> [INFORMATION PROVIDED]:
-- Opening Marker --
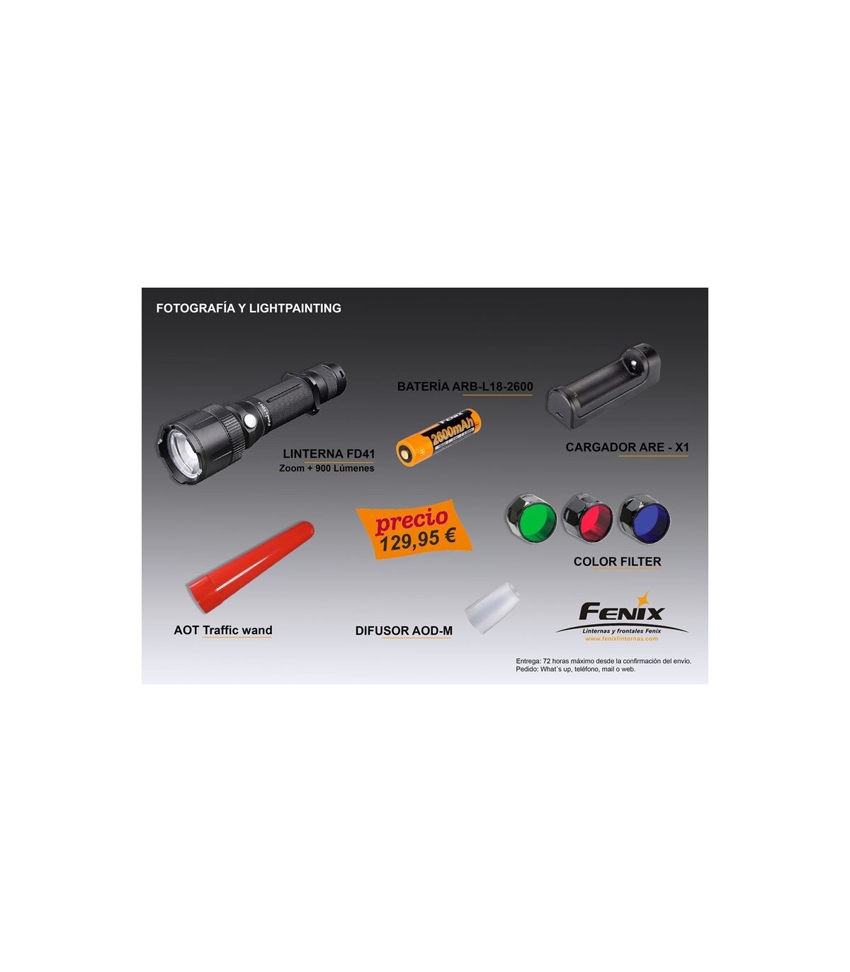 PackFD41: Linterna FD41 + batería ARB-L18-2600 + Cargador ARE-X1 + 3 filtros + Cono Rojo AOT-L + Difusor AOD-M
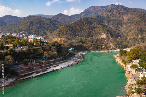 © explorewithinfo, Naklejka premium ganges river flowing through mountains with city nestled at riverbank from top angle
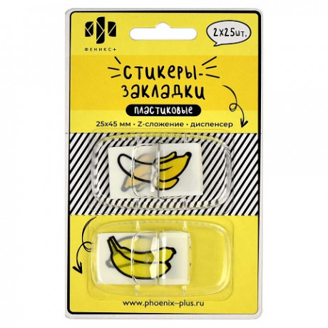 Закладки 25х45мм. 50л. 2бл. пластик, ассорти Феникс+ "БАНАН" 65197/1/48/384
-- Closing Marker --
> [DIRECTIONS FOR THIS TASK]:
Each line of the material needs to be given again exactly, without any of its pictures.

> [EXERCISE RESPONSE]:
 PackFD41: Linterna FD41 + batería ARB-L18-2600 + Cargador ARE-X1 + 3 filtros + Cono Rojo AOT-L + Difusor AOD-M
 © explorewithinfo, Naklejka premium ganges river flowing through mountains with city nestled at riverbank from top angle
 Закладки 25х45мм. 50л. 2бл. пластик, ассорти Феникс+ "БАНАН" 65197/1/48/384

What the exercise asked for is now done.